Essentially, we want a way to compare any two elements, while preserving the ordering of existing pairs. In combinatorics, this process is referred to as a linear extension 3 . We can accomplish this via augmenting our preference matrix $C$. Specifically, we run our matching algorithm on a new matrix $C'$, defined as: $$ C_{ij}' = C_{ij} + \varepsilon_{ij} $$

where $\varepsilon_{ij}$ are iid random variables drawn from a uniform distribution. To abide by the first constraint, our $\varepsilon_{ij}$ terms should be sufficiently small, as to prevent the noise from overpowering the actual data.
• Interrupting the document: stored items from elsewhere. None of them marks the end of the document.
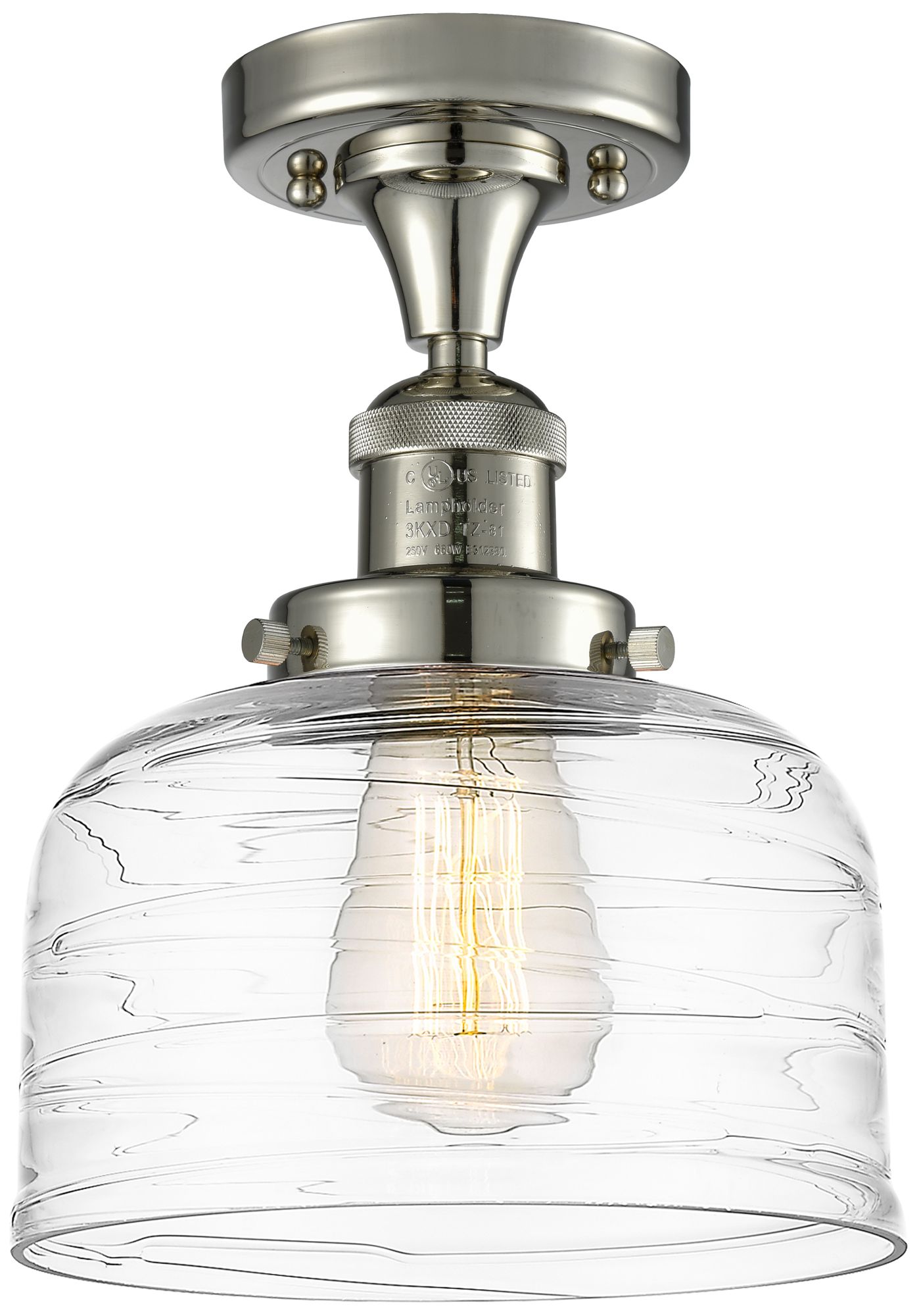 Bell 8" LED Semi-Flush Mount - Polished Nickel - Clear Deco Swirl Shad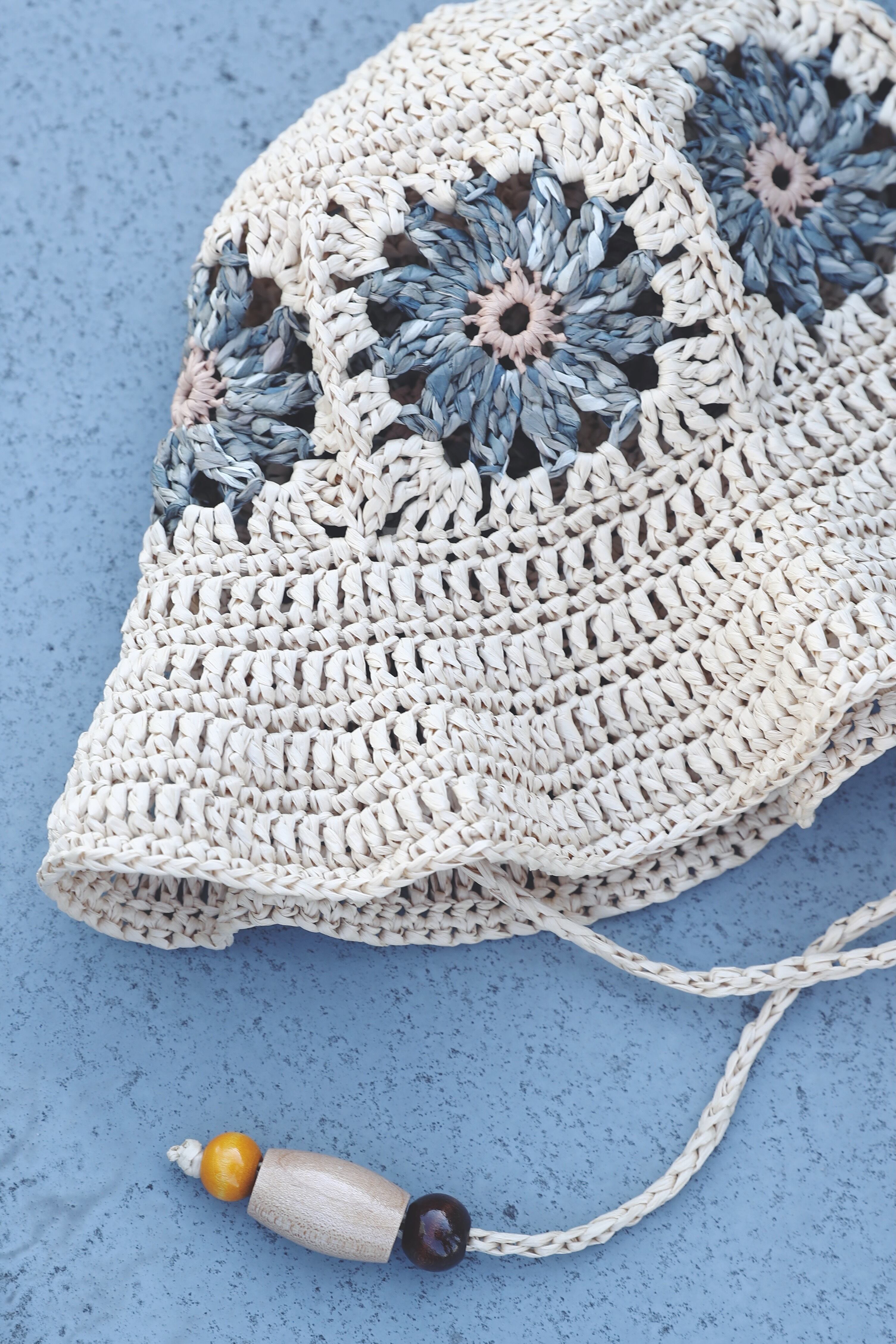 マニラ麻100%と和紙100%の糸を使用した、春夏仕様のクロッシェです。使い込む程に柔らかく、とても軽いので、折り畳んで持ち運びもしていただけます。
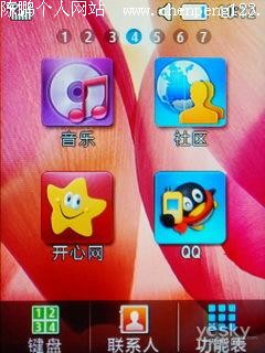 在界面方面,C3300K依然采用了三星的特色界面Touchwiz,不过由于屏幕尺寸的原因,该机省略了Widget边栏,如果想要调整桌面上的组建,就需要进入到显示设置中进行调整。不过该机为用户准备了多达7屏的分页,满足用户对手机快捷功能的使用需求。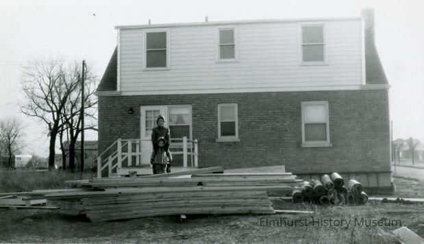 Joan and Carol Kenn standing on lumber for the garage at 732 S. York StreetPhotograph Details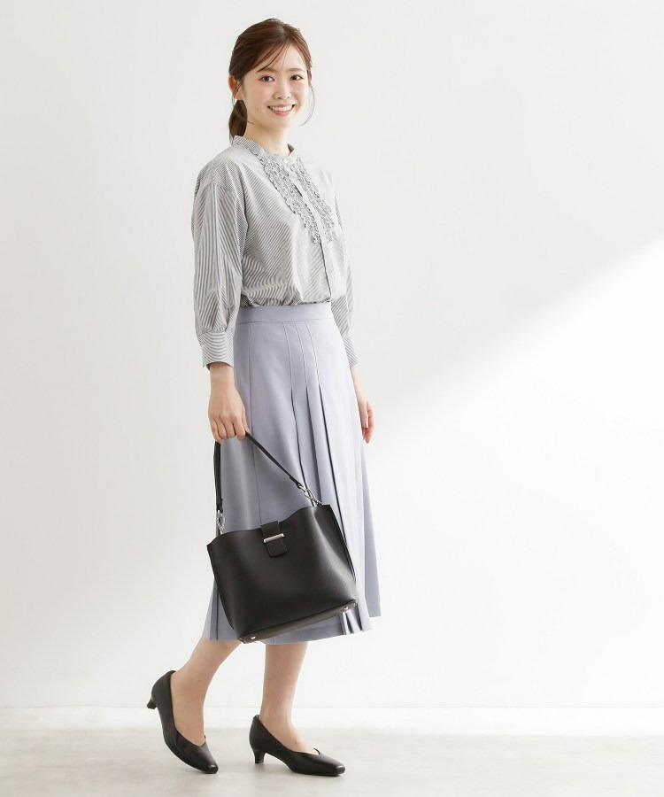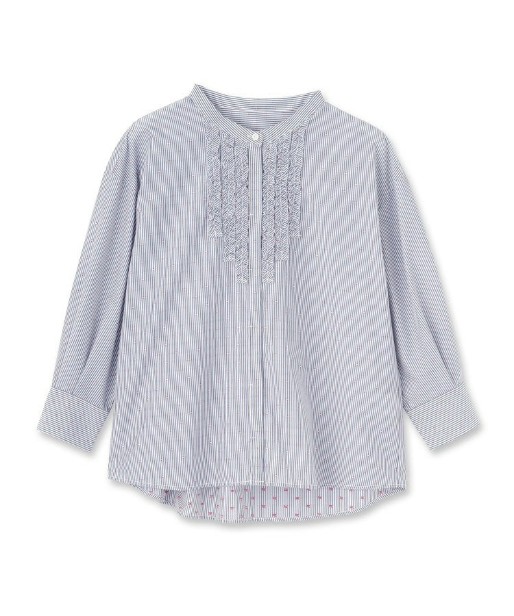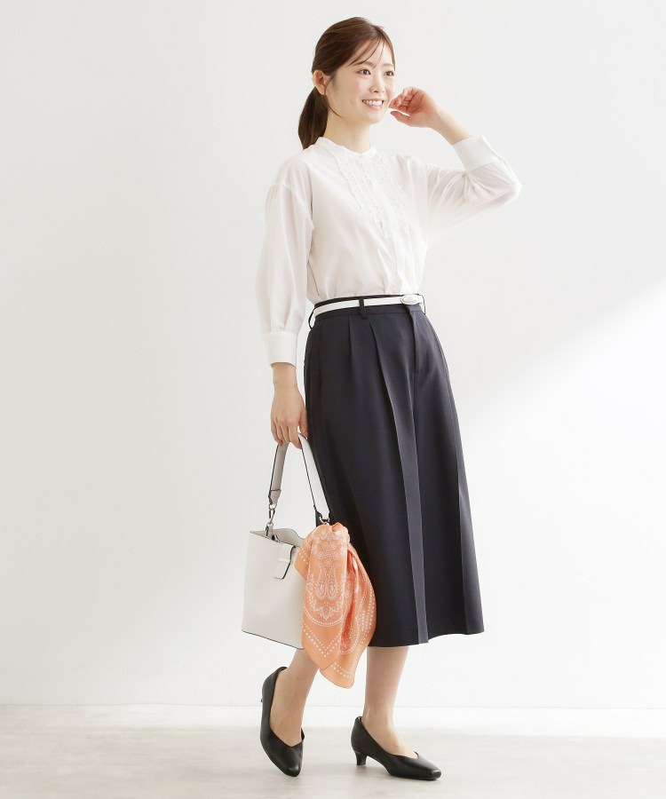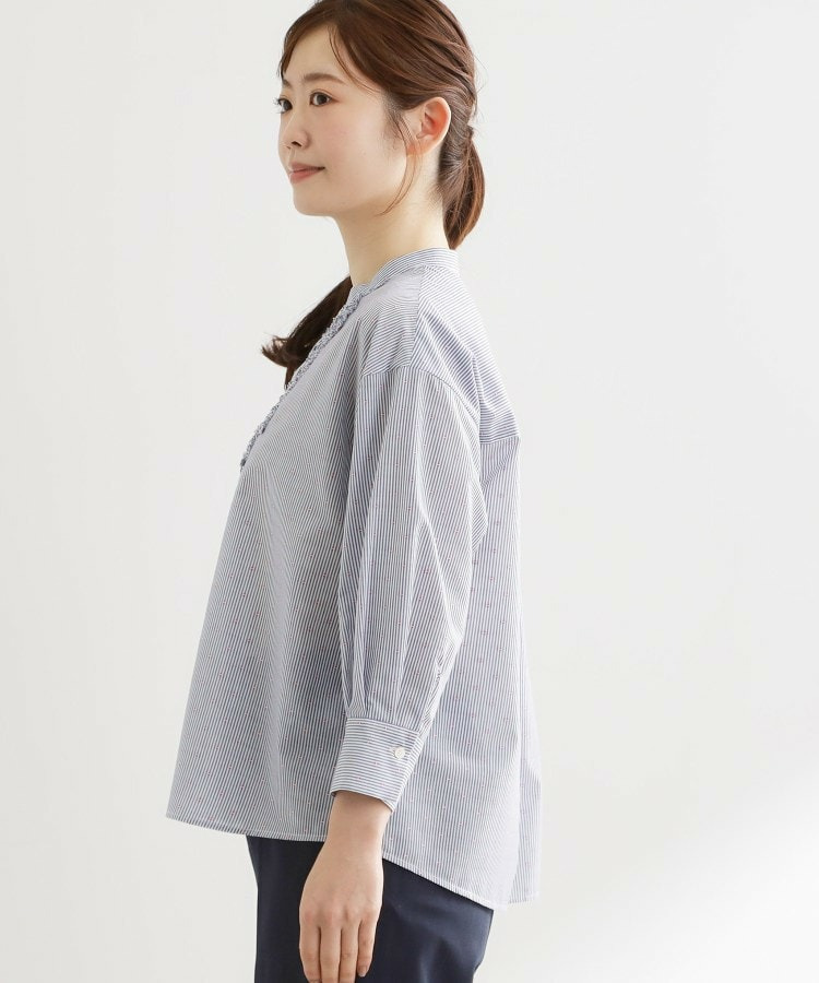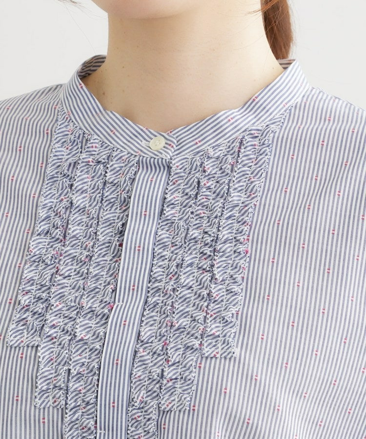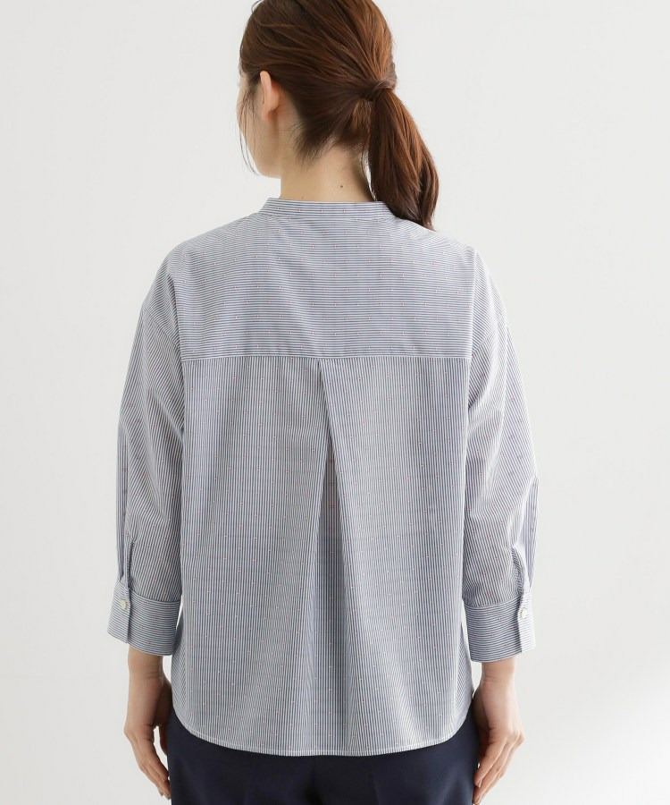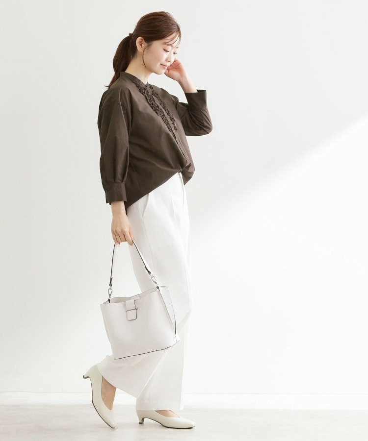 衿元は主張しすぎないバンド衿を採用し、ほどよく抜け感のあるデザインで、袖はボリュームを持たせカフスで引き締めた仕様が全体をバランスよくまとめています。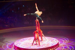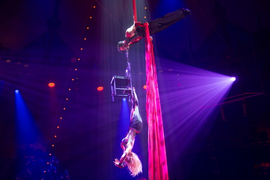 Ives und Ambra Nicols arbeiten ihre „Love Story“ an den Strapatentüchern, die zu Beginn von Ives gekonntem Live-Gesang getragen wird. Begeistert verfolgt das Publikum die Aktionen hoch unter der Kuppel und feiert das Paar bei seinen Tangosequenzen in der Manege mit lebhaftem Applaus. Ein neu einstudierter Trick erhöht den Spannungsmoment in der Trickfolge. Ambra nutzt die untere Quersprosse eines Stuhls, den ihr Partner mit den Zähnen hält, als Trapezstange. Nachdem Ambra in einem furiosen Wirbel aus der Kuppel herunter sicher in den Armen ihres Partners gelandet ist wird das Paar frenetisch gefeiert.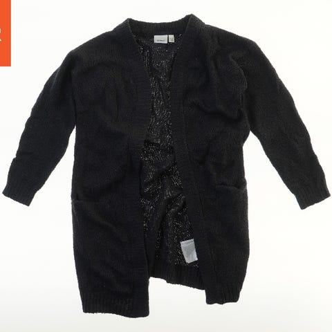 Denne cardigan er lavet af lilla strikstof med et fint åbent mønster, der giver et elegant udseende. Den har lange ærmer og små knapper på forsiden, som gør det nemt at åbne og lukke. Ribbekanterne på ærmer og nederste kant tilføjer stil og komfort.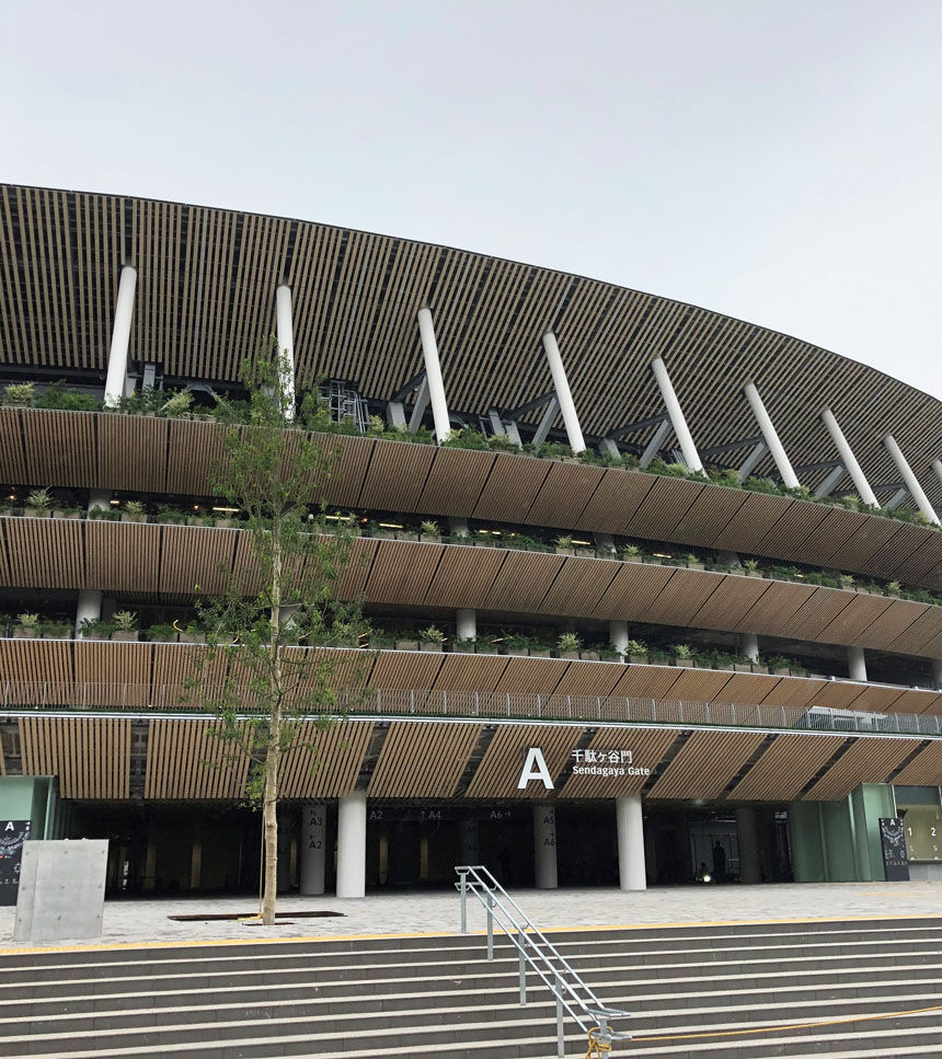 暖かい木材の色が印象的な新国立競技場。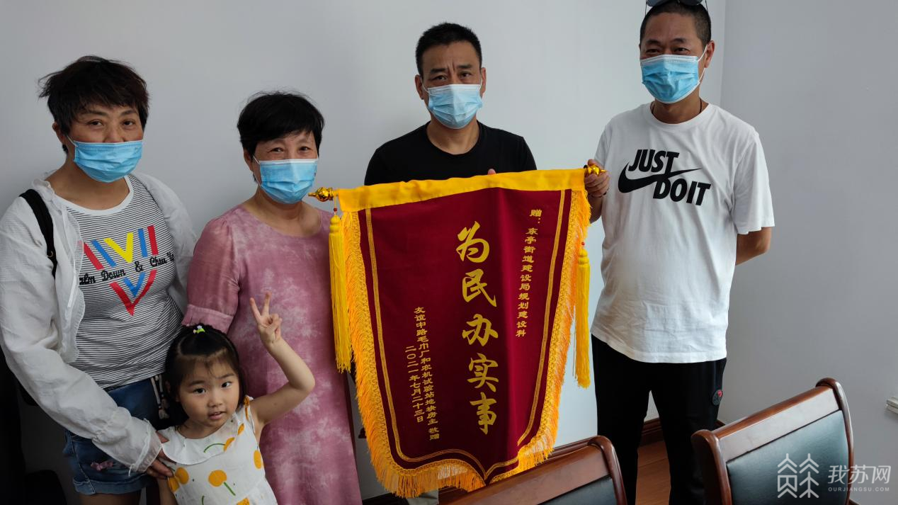 近日,石先生等几位市民早早的来到无锡市锡山区东亭街道,拿出一面写有“为民办实事”的锦旗,亲手送到了规划建设科负责人的手上,“我是代表友谊中路毛巾厂和农机实验站地块20余户房主来的,实在是感谢政府帮我们解决了多年的‘糟心事’啊!”石先生激动地拉着负责人的手表示感谢。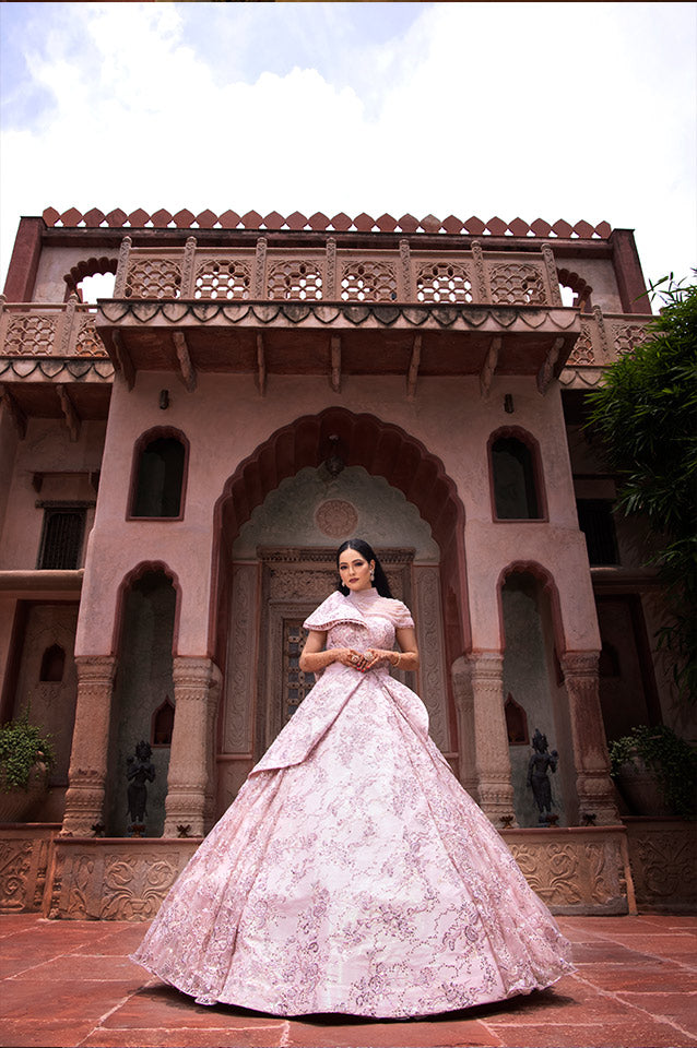 Fluid balance,a sculptural salmon pink gown draped with ruffles,spiralling endlessly.The gown is embellished with fallen crystal at the shoulders, its color is Salmon pink, having fabric of Net Organza & its embroidery is Cutwork threadwork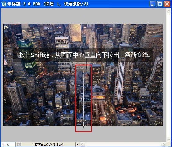 4.按住Shift鍵,從畫面中心垂直向下拉出一條漸變線。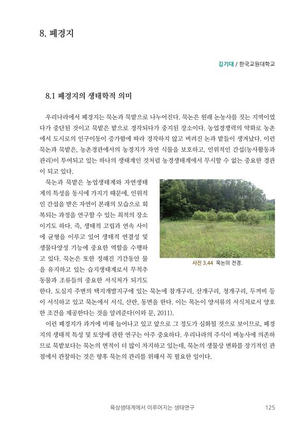 육상생태계에서 이루어지는 생태연구 125 8. 폐경지 김기대 한국교원대학교 8.1 폐경지의 생태학적 의미 우리나라에서 폐경지는 묵논과 묵밭으로 나누어진다. 묵논은 원래 논농사를 짓는 지역이었 다가 중단된 것이고 묵밭은 밭으로 경작되다가 중지된 장소이다. 농업경쟁력의 약화로 농촌 에서 도시로의 인구이동이 증가함에 따라 경작하지 않고 버려진 논과 밭들이 생겨났다. 이런 묵논과 묵밭은, 농촌경관에서의 농경지가 자연 식물을 보호하고, 인위적인 간섭 농사활동과 관리 이 투여되고 있는 하나의 생태계인 것처럼 농경생태계에서 무시할 수 없는 중요한 경관 이 되고 있다. 묵논과 묵밭은 농업생태계와 자연생태 계의 특성을 동시에 가지기 때문에, 인위적 인 간섭을 받은 자연이 본래의 모습으로 회 복되는 과정을 연구할 수 있는 최...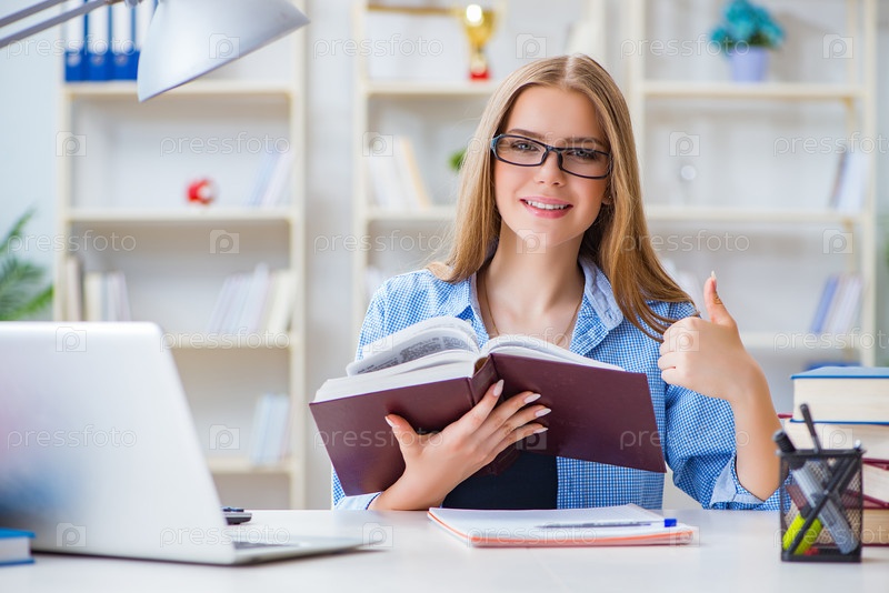 Молодая студентка-подросток готовится к экзаменам дома

It turns out that $\varepsilon_{ij} \sim U(0, \frac{1}{n})$ suffices, which I arrived at after spending a signficant amount of time attempting to reproduce a nondeterministic bug caused by a careless choice of parameter.

To give a concrete example, let's consider a six person match with the following preference matrix: $$ C = \begin{pmatrix} 2 & 2 & 1 \\ 2 & 2 & 1 \\ 1 & 0 & 2 \\ \end{pmatrix} $$ which has two optimal solutions: $\{(0,0), (1,1), (2,2)\}$ and $\{(0,1), (1,0), (2, 2)\}$. Now, consider two plausible matrices $C_1$ and $C_2$, obtained by augmenting $C$ with random noise: $$ C_1 = \begin{pmatrix} 2.2563 & 2.0389 & 1.0486\\ 2.2235 & 2.3014 & 1.1923 \\ 1.192 & 0.2541 & 2.0134 \\ \end{pmatrix} \qquad C_2 = \begin{pmatrix} 2.0933 & 2.2486 & 1.2232 \\ 2.3290 & 2.0182 & 1.2924 \\ 1.2123 & 0.0198 & 2.0603 \end{pmatrix} $$

In both cases, the ties disappear, yielding a unique solution. More importantly, the answers differ and correspond to the original two solutions!

Reflection

With the noise functionality settled, our matching algorithm is complete. MentorMatch is the best of both worlds- offering the objectivity of mathematical optimization while appeasing human psychology. As such, I propose the following new-and-improved Matching Day:

  1. A list of all new members and eligible existing members is made public.
  2. After a series of events where the two groups mingle, each new member generates of list of mentors they like and vice versa.
  3. Preference data is uploaded to MentorMatch and an initial optimal matching is generated
  4. The powers that be rerun the algorithm to their heart's content, stopping whenever satisfied
  5. The list of matchings is published and the creator of MentorMatch is thanked profusely for his efforts

which should hopefully streamline the whole process. This has the added benefit of being completely transparent, allowing the committee to use MentorMatch as a shield against any criticism. Unfortunately, MentorMatch also obsoletes the entire committee, save the person responsible for clicking the refresh button. Alas, such a sea change may prove to be mildly unpopular, so I expect my proposal to fall on deaf ears. Nevertheless, MentorMatch was an enjoyable foray into the world of matching problems, so I'll call this valuable experience- even if the project never sees the light of day.